Он улегся, подложив под голову свои штаны и камзол, и велел лечь у его ног, что я и сделал. Но будь проклят сон мой, ибо прутья плетенки и мои торчавшие кости всю ночь не переставали ссориться и злиться друг на друга, ибо от забот, несчастий и голода в теле моем не осталось уже ни фунта мяса. Притом я целый день почти ничего не ел и в конце концов озверел от голода, а тут уж бывает не до сна, и да простит меня Господь, но только я осыпал проклятиями и себя самого, и мою несчастную судьбу. Большую и худшую часть ночи я не смел пошевельнуться, чтобы не разбудить моего хозяина, и неустанно молил Бога о смерти.
Утром мы поднялись, и хозяин стал чистить и встряхивать свои штаны, камзол и плащ, а я усердно прислуживал ему во время долгого его одевания. Я подал ему воды вымыть руки, он причесался, взял свою шпагу и, прицепляя ее к портупее, сказал:
— Если бы ты знал, мальчик, что это за шпага! Я не променял бы ее на все золото в мире. Из тех шпаг, что сделал Антонио, ни у одной нет такого острого клинка, как у этой. — Он вытащил ее из ножен и попробовал пальцами: — Видишь? Я берусь пронзить ею кипу шерсти.

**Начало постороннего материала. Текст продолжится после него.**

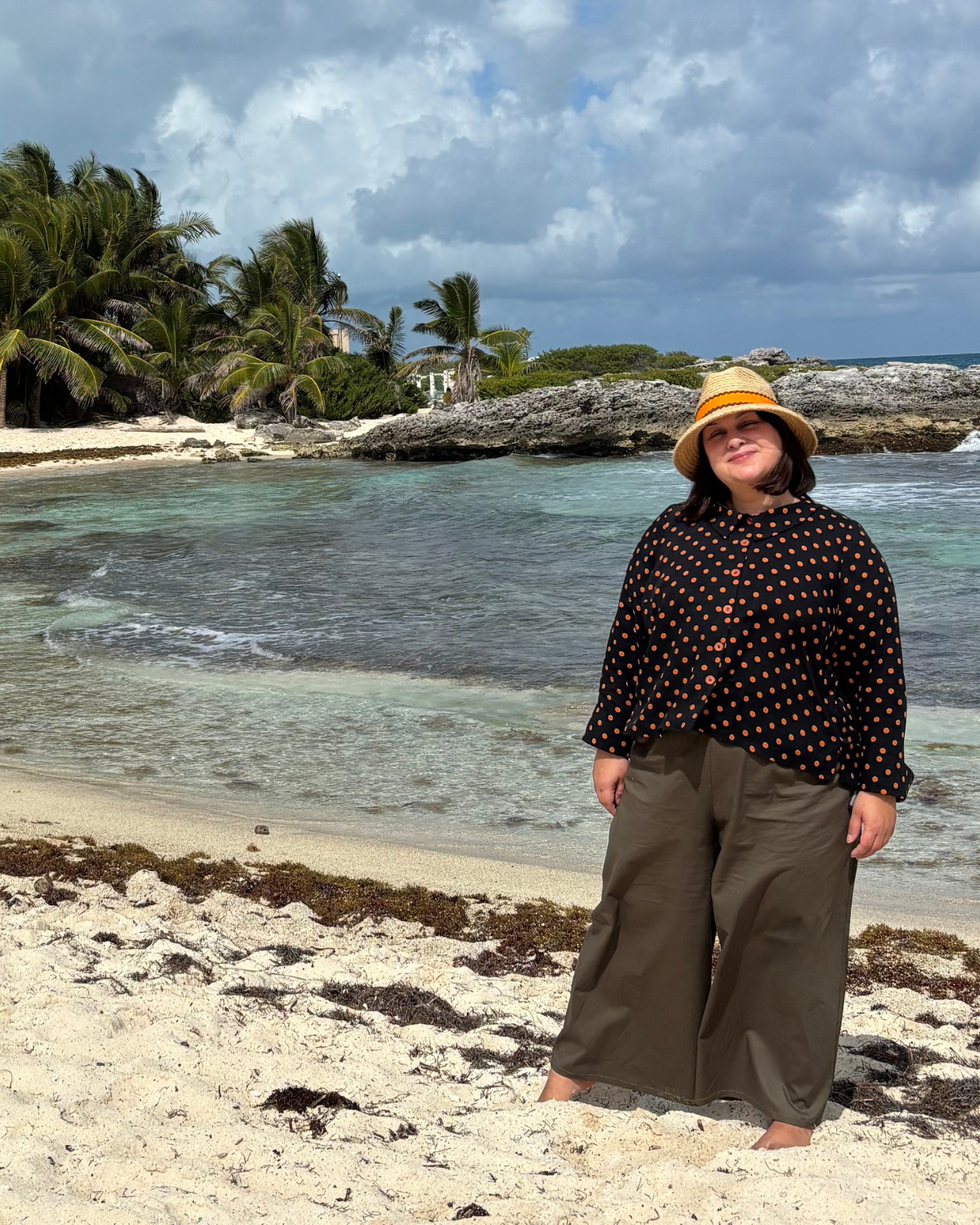 Ness porte la blouse Get Back en TG, elle est 5.10 et a un buste de 44"

«А я моими зубами, хоть они и не стальные, берусь пронзить хлеб в четыре фунта весом», — подумал я.
Он вложил шпагу в ножны, прицепил ее к портупее вместе с огромными четками и спокойным шагом, держась прямо, изящно покачивая станом и головою, перебрасывая плащ то через плечо, то через руку и подбоченясь, направился к выходу.
— Ласаро, — сказал он, — пригляди за домом, пока я схожу к обедне, прибери постель, сбегай за водою на реку, а дверь запри на ключ, чтоб у нас чего-нибудь не стянули, и положи его вот тут, у косяка, на случай если я вернусь раньше тебя.